The ways in which people chose to memorialize hardship, whether organized by a group or expressed by an individual, offer illuminating insights into the human psyche and post-conflict justice and also provide valuable information about a society, government or culture.

Several Stanford groups are sponsoring a series of events and research projects designed to explore the many facets of the human phenomena called ‘memory’. Scholars participating in the endeavor, entitled “Contemporary History and the Future of Memory,” represent a broad spectrum of disciplines, but share a common objective: to analyze the range of ways that people have coped with adversity in the past so that future communities may benefit their experience. Attention to the role that memory plays in helping people move beyond tragedy is especially pertinent now as citizens of Chile and Haiti transition from survival to recovery after the devastating earthquakes that took place in each country.

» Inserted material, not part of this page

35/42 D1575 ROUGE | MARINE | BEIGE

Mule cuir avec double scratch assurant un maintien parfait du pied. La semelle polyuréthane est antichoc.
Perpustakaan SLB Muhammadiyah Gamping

“Contemporary History and the Future of Memory” began in the spring of 2008 with the launch of a multi-year research and public policy program sponsored by Stanford’s Forum on Contemporary Europe (FCE) and the Division of Literature, Cultures, and Languages (DLCL.) The aim of that program, as described on the DLCL website, is to investigate “how communities that have undergone deep and violent political transformations try to confront their past.”

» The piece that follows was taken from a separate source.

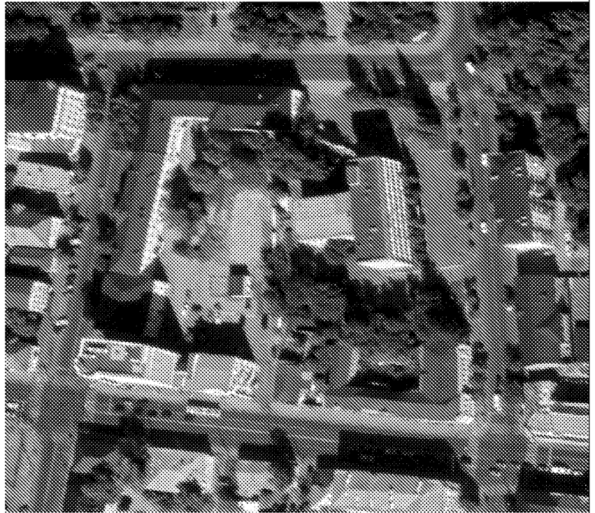
Прямоугольное в плане здание

3. Историческая (начало XX в) архитектурная композиция здания;

In the fall of 2009 the Program on Human Rights at the Center on Democracy, Development, and the Rule of Law joined the initiative, bringing with them expertise in reconciliation, a fundamental phase in the cycle of memory.  The series title was amended to “History, Memory & Reconciliation” in recognition of their contribution. This year’s events featured a visit by Gayatri Chakravarty Spivak, the internationally renowned scholar of comparative literature from Columbia University, who addressed the subject of cultural and linguistic memory. During the spring quarter human rights and memory will be addressed in separate events by two guest scholars. Cambridge Anthropologist Harri Englund gave a talk on April 6th and University of Chile Law professor José Zalaquett will take part in several events on April 22nd and 23rd, including a lecture on Post-Conflict International Human Rights: Bright Spots, Shadows, Dilemmas.

Four Stanford scholars co-chair “History, Memory & Reconciliation.” They are French Professor Elisabeth Mudimbe-Boyi, Assistant Professor of English Saikat Majumdar, Law School lecturer and FSI fellow Helen Stacy, and Roland Hsu, Assistant Director of FSI’s Forum on Contemporary Europe.